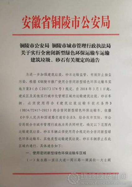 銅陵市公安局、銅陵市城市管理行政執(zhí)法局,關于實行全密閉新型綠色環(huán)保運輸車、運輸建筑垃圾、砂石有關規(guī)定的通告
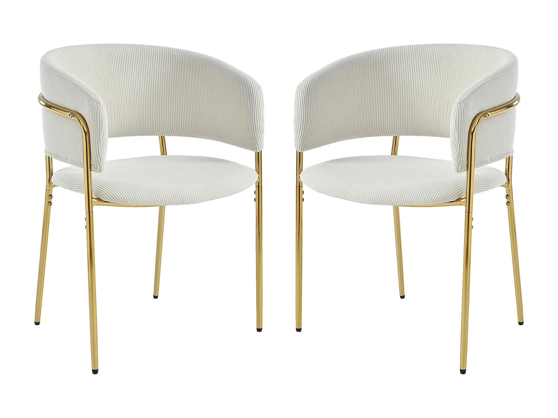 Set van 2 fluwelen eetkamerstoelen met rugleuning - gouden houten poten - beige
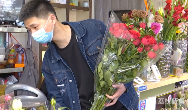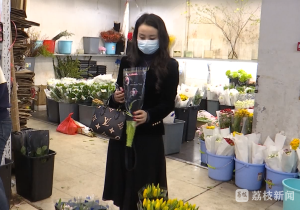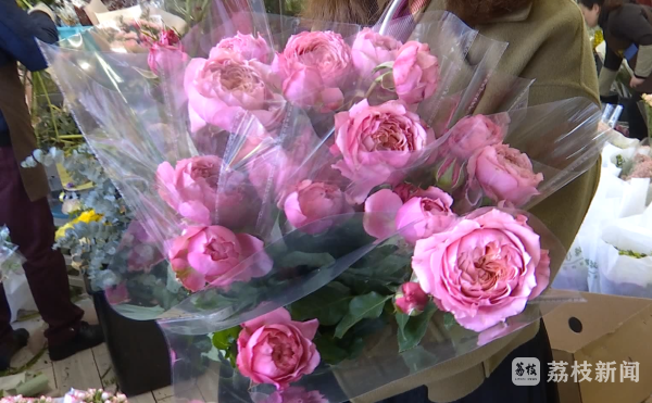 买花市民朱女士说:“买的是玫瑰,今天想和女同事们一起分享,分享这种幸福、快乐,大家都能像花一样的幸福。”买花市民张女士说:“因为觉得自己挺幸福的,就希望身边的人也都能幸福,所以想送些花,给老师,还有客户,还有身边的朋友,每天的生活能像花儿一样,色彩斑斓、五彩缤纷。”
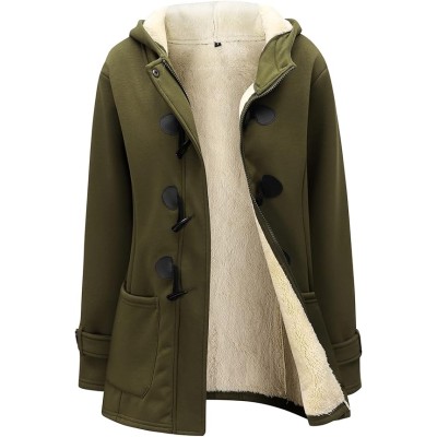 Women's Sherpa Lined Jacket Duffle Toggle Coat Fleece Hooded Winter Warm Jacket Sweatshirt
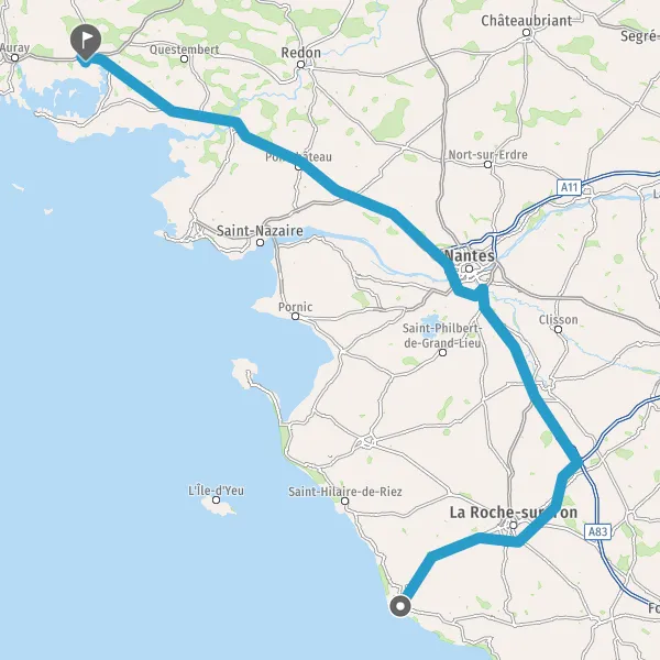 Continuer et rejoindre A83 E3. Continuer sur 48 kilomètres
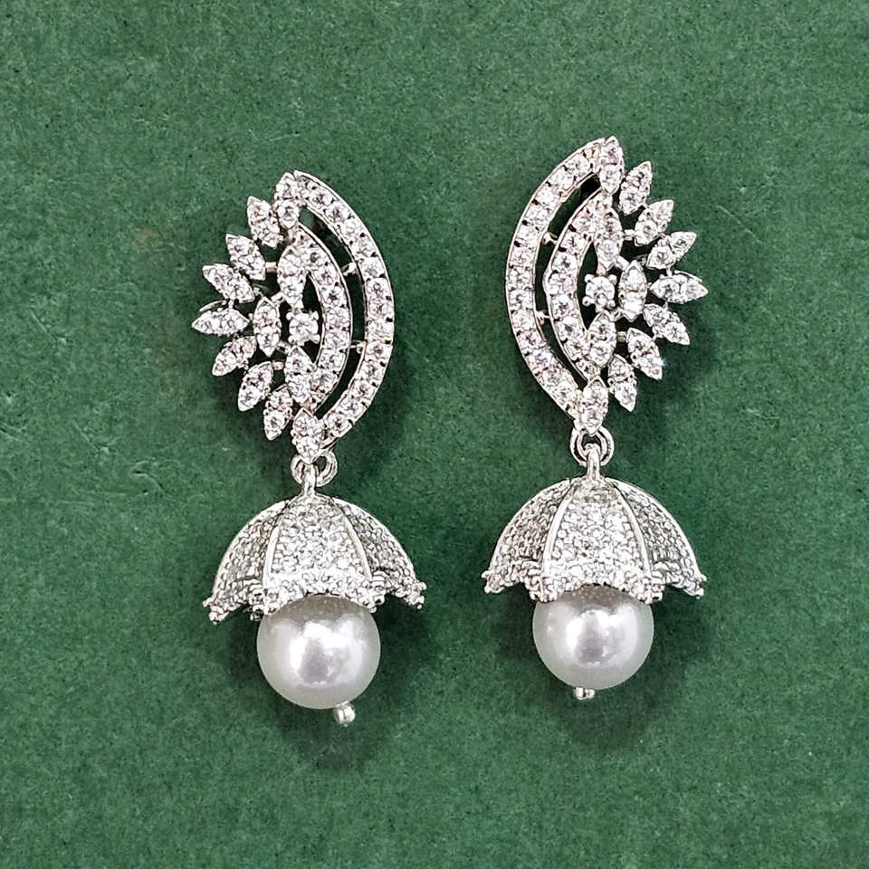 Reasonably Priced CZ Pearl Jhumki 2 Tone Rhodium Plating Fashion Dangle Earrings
══════════
◆ Exercise ◆
Without including any picture, set down every line above exactly as it stands.

◆ Solution ◆
 銅陵市公安局、銅陵市城市管理行政執(zhí)法局,關于實行全密閉新型綠色環(huán)保運輸車、運輸建筑垃圾、砂石有關規(guī)定的通告
 Set van 2 fluwelen eetkamerstoelen met rugleuning - gouden houten poten - beige
 买花市民朱女士说:“买的是玫瑰,今天想和女同事们一起分享,分享这种幸福、快乐,大家都能像花一样的幸福。”买花市民张女士说:“因为觉得自己挺幸福的,就希望身边的人也都能幸福,所以想送些花,给老师,还有客户,还有身边的朋友,每天的生活能像花儿一样,色彩斑斓、五彩缤纷。”
 Women's Sherpa Lined Jacket Duffle Toggle Coat Fleece Hooded Winter Warm Jacket Sweatshirt
 Continuer et rejoindre A83 E3. Continuer sur 48 kilomètres
 Reasonably Priced CZ Pearl Jhumki 2 Tone Rhodium Plating Fashion Dangle Earrings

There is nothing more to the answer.